CSC 213, Fall 2008 :
Schedule : Lab 12
Lab 12: Sensor Network
Goals: Learn about using RPCs by implementing a "push"-based
sensor network, like those used for stock quotes, environmental
monitoring, weather updates, sports scores, etc. You'll also gain
further practice with threads and synchronization.
Background reading:
Collaboration: You will complete this lab in pairs of your choosing.

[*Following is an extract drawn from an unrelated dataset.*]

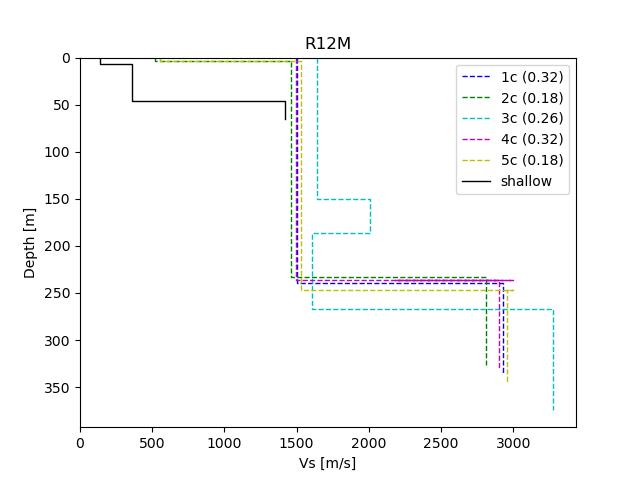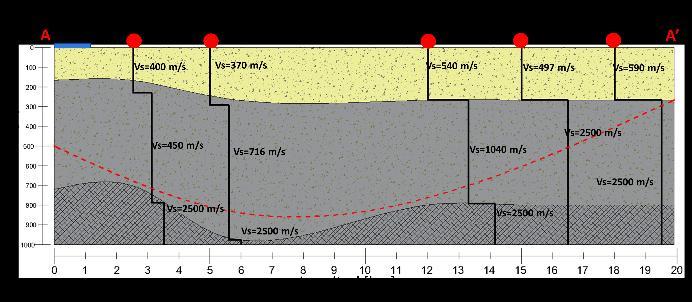 • Para las masas deslizantes se asumen velocidades de onda de corte constantes entre 150 y 550 m/s.

Overview: You will implement a sensor network where a set of
independent "sources" each pushes its current value at a specified
period to a proxy server, which stores them. A "sink" may connect to
the proxy server and request a subscription to a subset of the
sources. The proxy will then push the sum of the subscribed source
values to the sink at a specified period. To ensure consistency, a
synchronization strategy must be employed in the proxy. Threads will
be needed to handle all the processing in the proxy.
Network Description
As indicated by the picture above, there are three main components
to this sensor network, sources, the proxy, and sinks. An arbitrary
number of sources should be able to register with the proxy and
begin sending updates of their values. This will be done with RPC
calls, where a source acts as a client and the proxy as the server.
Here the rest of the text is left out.